● **Task to complete**:
Give the listing again exactly, omitting its images.

● **Source material**:
/---

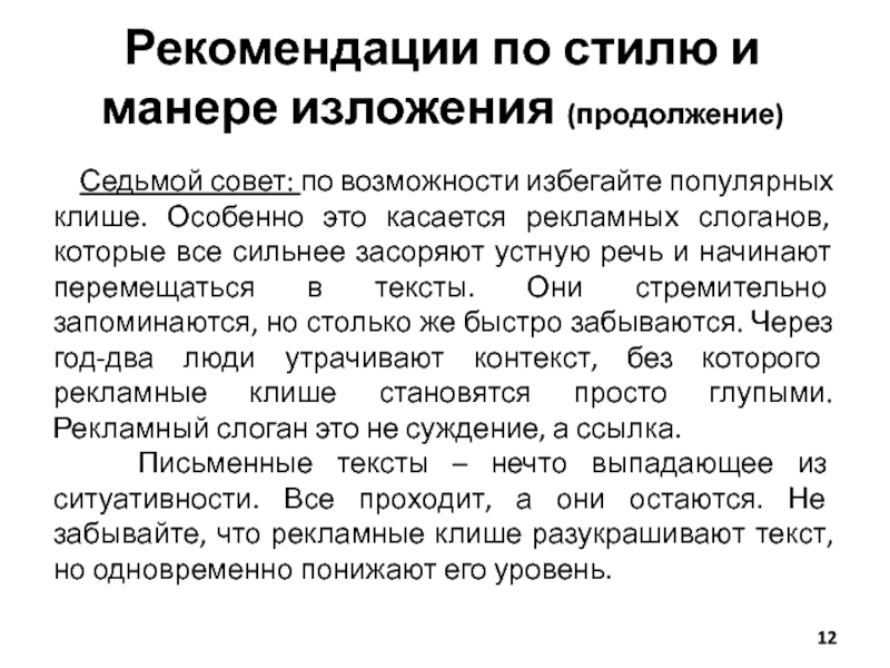 Слайд 12Рекомендации по стилю и манере изложения (продолжение)
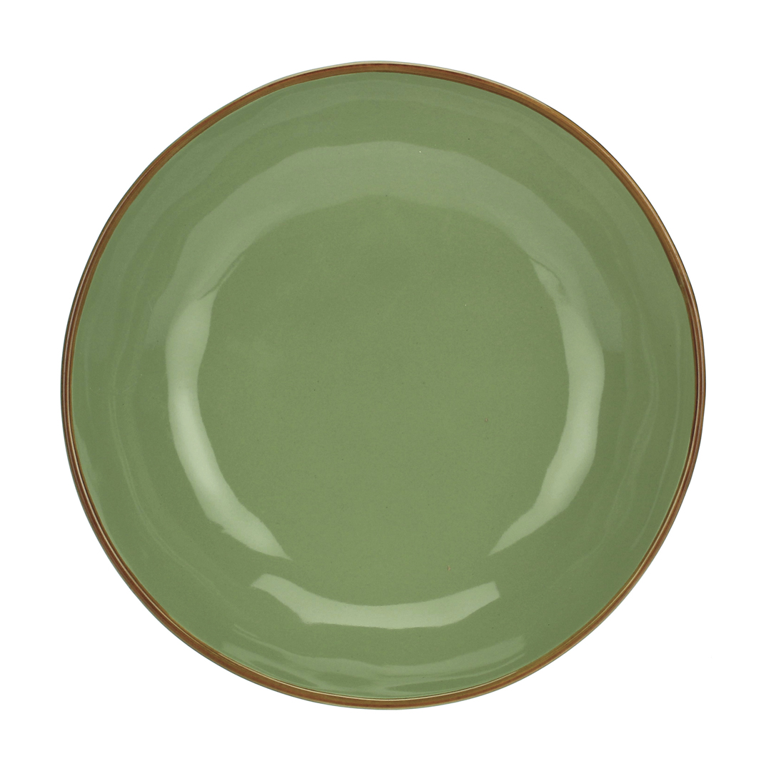Plato de Sopa Concerto Verde Oliva 21 cm de Rose & Tulipani, fabricado en gres esmaltado con acabado artesano. Apto para lavavajillas y microondas, ideal para sopas y platos de cuchara.
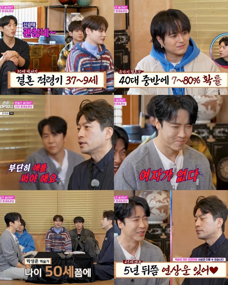 “내년엔 연애할 수 있냐”는 질문에 역술인은 “37~39세는 되어야 결혼할 여자를 만날 수 있다. 잠시 만날 순 있어도 노력에 비해 결과가 미흡하다”며 하지만 재주가 맣은 ‘나무에 매달린 원숭이 상’이라는 진단을 내렸다. 이어 “타쿠야나 신승태가 도움이 된다”는 말에 박서진은 즉시 타쿠야 옆으로 자리를 옮겨 ‘동갑내기 절친’ 유다이를 손절(?)하는 모습으로 웃음을 자아냈다.
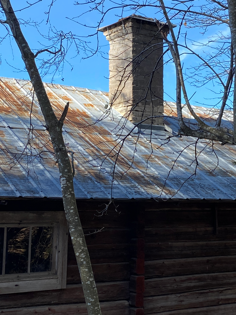 Bostadshus uppfört i timmer, takbeklädnad av pannplåt, murad skorsten, solblekta fasader.

\---

● **Written solution**:
 Слайд 12Рекомендации по стилю и манере изложения (продолжение)
Plato de Sopa Concerto Verde Oliva 21 cm de Rose & Tulipani, fabricado en gres esmaltado con acabado artesano. Apto para lavavajillas y microondas, ideal para sopas y platos de cuchara.
 “내년엔 연애할 수 있냐”는 질문에 역술인은 “37~39세는 되어야 결혼할 여자를 만날 수 있다. 잠시 만날 순 있어도 노력에 비해 결과가 미흡하다”며 하지만 재주가 맣은 ‘나무에 매달린 원숭이 상’이라는 진단을 내렸다. 이어 “타쿠야나 신승태가 도움이 된다”는 말에 박서진은 즉시 타쿠야 옆으로 자리를 옮겨 ‘동갑내기 절친’ 유다이를 손절(?)하는 모습으로 웃음을 자아냈다.
 Bostadshus uppfört i timmer, takbeklädnad av pannplåt, murad skorsten, solblekta fasader.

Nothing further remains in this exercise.